In condensed matter physics and inorganic chemistry, the cation-anion radius ratio can be used to predict the crystal structure of an ionic compound based on the relative size of its atoms. It is defined as the ratio of the ionic radius of the positively charged cation to the ionic radius of the negatively charged anion in a cation-anion compound. Anions are larger than cations. Large sized anions occupy lattice sites, while small sized cations are found in voids. In a given structure, the ratio of cation radius to anion radius is called the radius ratio.
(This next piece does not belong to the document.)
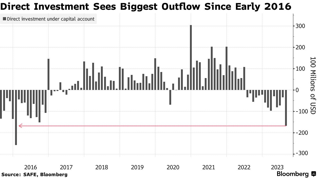 Gli investimenti diretti sono scesi a un deficit di 16,8 miliardi di dollari ad agosto, il peggiore dall’inizio del 2016. Il saldo è negativo dalla metà del 2022 poiché le restrizioni Covid e la repressione del settore privato hanno tenuto lontani gli investitori.

This is simply given by [math]\displaystyle{ r_{C} / r_{A} }[/math].

Ratio rule and stability

Critical Radius Ratio. This diagram is for octahedral interstices (coordination number six): 4 anions in the plane shown, 1 above the plane and 1 below. The stability limit is at rC/rA = 0.414

The radius ratio rule defines a critical radius ratio for different crystal structures, based on their coordination geometry.[1] The idea is that the anions and cations can be treated as incompressible spheres, meaning the crystal structure can be seen as a kind of unequal sphere packing. The allowed size of the cation for a given structure is determined by the critical radius ratio.[2] If the cation is too small, then it will attract the anions into each other and they will collide hence the compound will be unstable due to anion-anion repulsion; this occurs when the radius ratio drops below the critical radius ratio for that particular structure. At the stability limit the cation is touching all the anions and the anions are just touching at their edges. For radius ratios greater than the critical ratius ratio, the structure is expected to be stable.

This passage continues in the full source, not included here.